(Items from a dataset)
=== Section Start ===

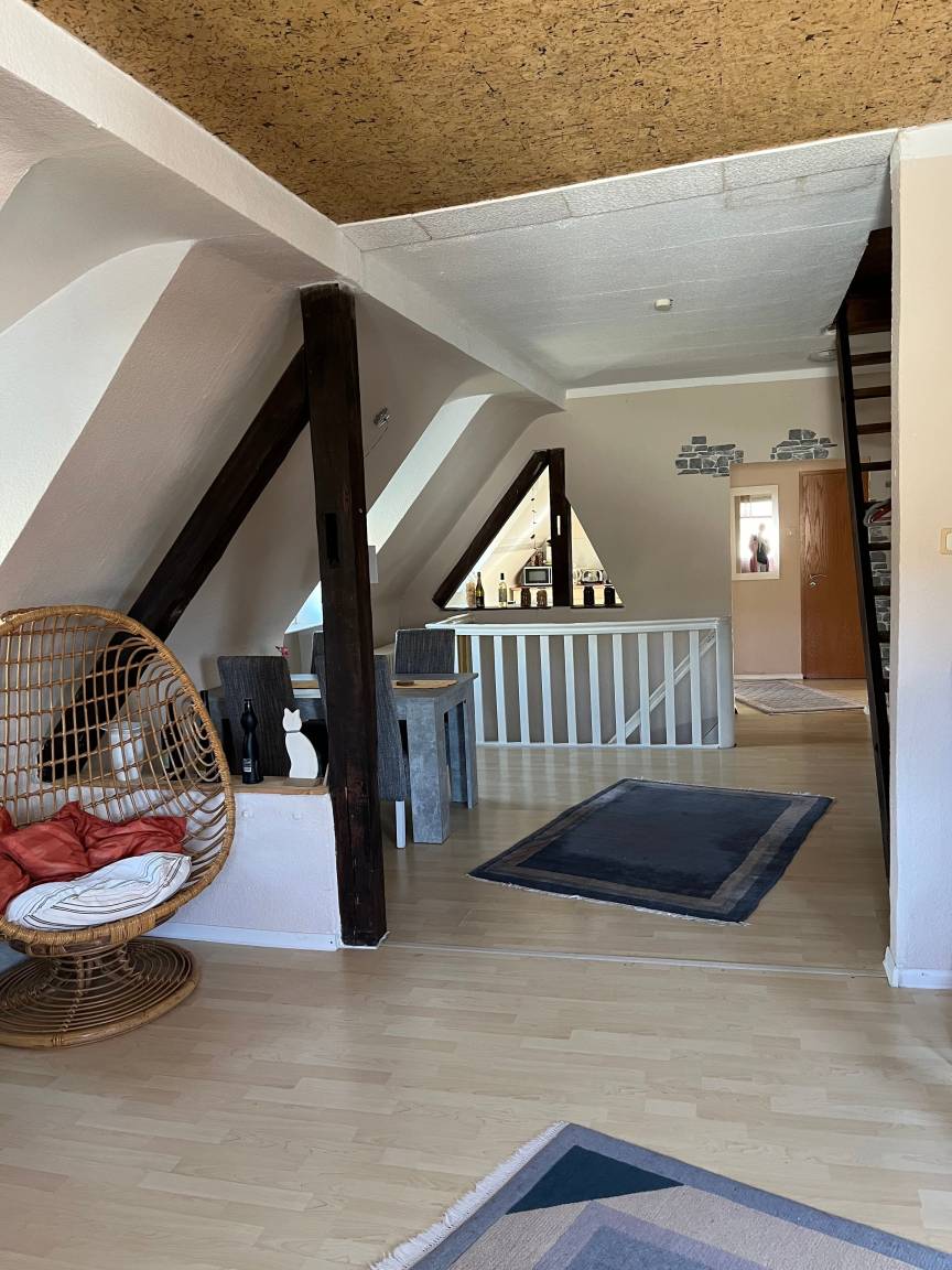 Unsere helle, liebevoll eingerichtete Ferienwohnung im Dachgeschoss hat eine Wohnfläche von 90qm und bietet Platz für bis zu 5 Personen!
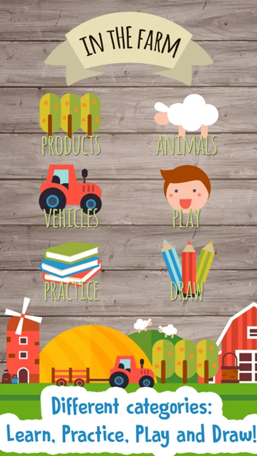 This is a all-in-one farm app for kids by Androbaby! They will learn farm animals, products and vehicles and practice farm items with various kid games.
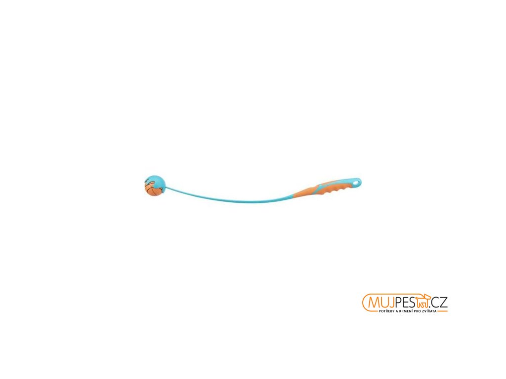 Propracovaný katapult s ergonomicky tvarovanou rukojetí potaženou gumou pro pevné a pohodlné držení. Dodáván ve veselých barevných odstínech růžové a modré. Míček je vyroben z lehké pěnové gumy, takže se hodí i pro aportování ve vodě.
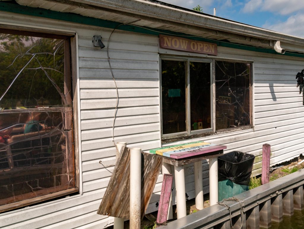 Previous ImageNext Image 20220409 Chain of Lakes Boat Tour-35 A food take-out window along a canal, in case you want something to eat.
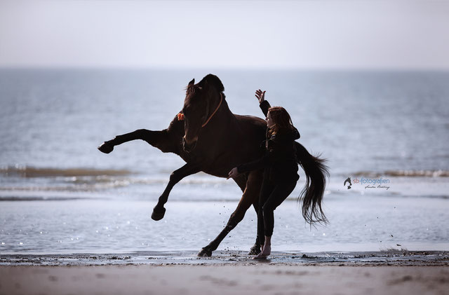 Seit 2007 arbeite ich mit Ebony in den Bereichen Natural Horsemanship, Zirzensik und Freiheitsdressur. Heute sind wir ein eingespieltes Team, und natürlich ist auch Reiten längst wieder möglich. In der Freiheitsdressur verzichten wir komplett auf Hilfsmittel wie Strick oder Halfter – Ebony zeigt zahlreiche Zirkuslektionen wie Steigen, Hinlegen und vieles mehr.

=== Section End ===

WORK TO BE COMPLETED » The result should be all the records, retyped exactly, with no pictures among them.

WORKED SOLUTION »
 Unsere helle, liebevoll eingerichtete Ferienwohnung im Dachgeschoss hat eine Wohnfläche von 90qm und bietet Platz für bis zu 5 Personen!
 This is a all-in-one farm app for kids by Androbaby! They will learn farm animals, products and vehicles and practice farm items with various kid games.
 Propracovaný katapult s ergonomicky tvarovanou rukojetí potaženou gumou pro pevné a pohodlné držení. Dodáván ve veselých barevných odstínech růžové a modré. Míček je vyroben z lehké pěnové gumy, takže se hodí i pro aportování ve vodě.
 Previous ImageNext Image 20220409 Chain of Lakes Boat Tour-35 A food take-out window along a canal, in case you want something to eat.
 Seit 2007 arbeite ich mit Ebony in den Bereichen Natural Horsemanship, Zirzensik und Freiheitsdressur. Heute sind wir ein eingespieltes Team, und natürlich ist auch Reiten längst wieder möglich. In der Freiheitsdressur verzichten wir komplett auf Hilfsmittel wie Strick oder Halfter – Ebony zeigt zahlreiche Zirkuslektionen wie Steigen, Hinlegen und vieles mehr.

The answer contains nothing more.